IL-6 is a cytokine, a type of signalling protein, that plays a role in inflammation and the immune response. The study found that IL-6 levels increased significantly one hour after the leg press session but not after the bench press. This indicates that exercises engaging larger muscle groups, like the leg press, might lead to a more pronounced inflammatory response.

  • Creatine Kinase (CK): The muscle damage marker

CK is an enzyme that increases when there is muscle damage. Both exercises caused an increase in CK levels, indicating muscle stress and damage. However, the increase was more pronounced after the leg press, reflecting the greater muscle mass involved in this exercise.

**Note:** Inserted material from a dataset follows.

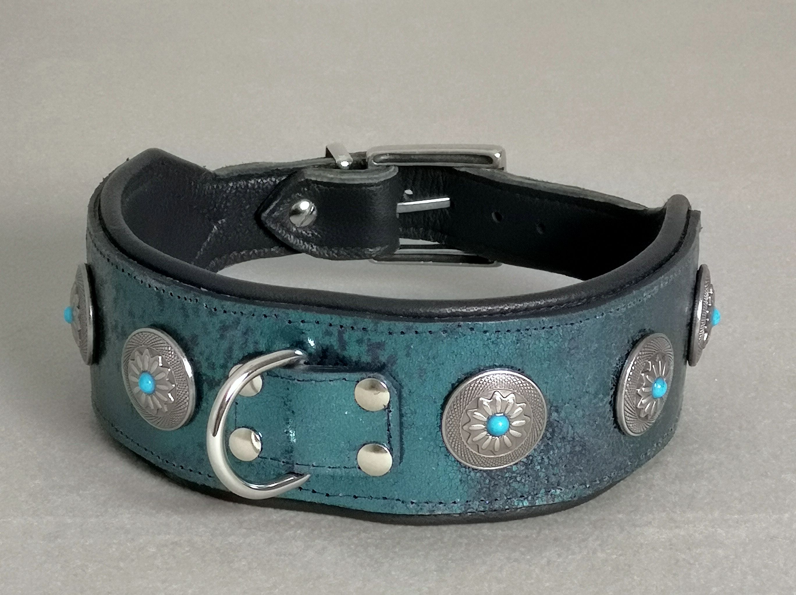 Hochwertiges Rindsleder. Glattleder mit intensiven Glamour-Effekt in Petrol. aus Italien. Innen schwarzes Rindsleder. Western-Nieten aus Metall und Türkis. Schnallen und Ösen silberfarbig. 7 Löcher im Riemen.

Why do these changes matter?

Understanding these hormonal and inflammatory responses is crucial for several reasons:

  • Optimizing training: Knowing how different exercises affect your body can help tailor workout programmes to achieve specific goals, whether it’s muscle growth, endurance, or recovery.
  • Recovery strategies: Different exercises might require different recovery strategies. For instance, exercises like the leg press, which causes more inflammation and muscle damage, might benefit from longer recovery periods or specific nutrition and hydration strategies.
  • Health implications: Chronic inflammation is linked to various health issues. Understanding how to manage and mitigate exercise-induced inflammation can contribute to overall health and well-being.

Practical takeaways

  • Mix it up: Incorporate both upper and lower body exercises into your routine to benefit from the unique hormonal and inflammatory responses each type provides.
  • Listen to your body: Pay attention to how your body feels after different workouts. If you notice significant soreness or fatigue, give yourself adequate time to recover.
  • Nutritional support: Support your workouts with proper nutrition, focusing on anti-inflammatory foods and adequate protein to aid muscle repair and growth.
nutrition and exercise
Photo by Farhad Ibrahimzade on Unsplash

The bigger picture

This study sheds light on the complex ways our bodies respond to different types of resistance exercises. By understanding these responses, we can better design workout programmes that not only maximise performance but also support overall health and recovery. Whether you’re a seasoned athlete or just starting, paying attention to how your body reacts to different exercises can help you make informed choices and achieve your fitness goals more effectively.

Both the bench press and leg press have unique effects on our bodies, influencing hormones and inflammation in different ways. Incorporating a variety of exercises and being mindful of your body’s needs can help you stay fit, healthy, and resilient.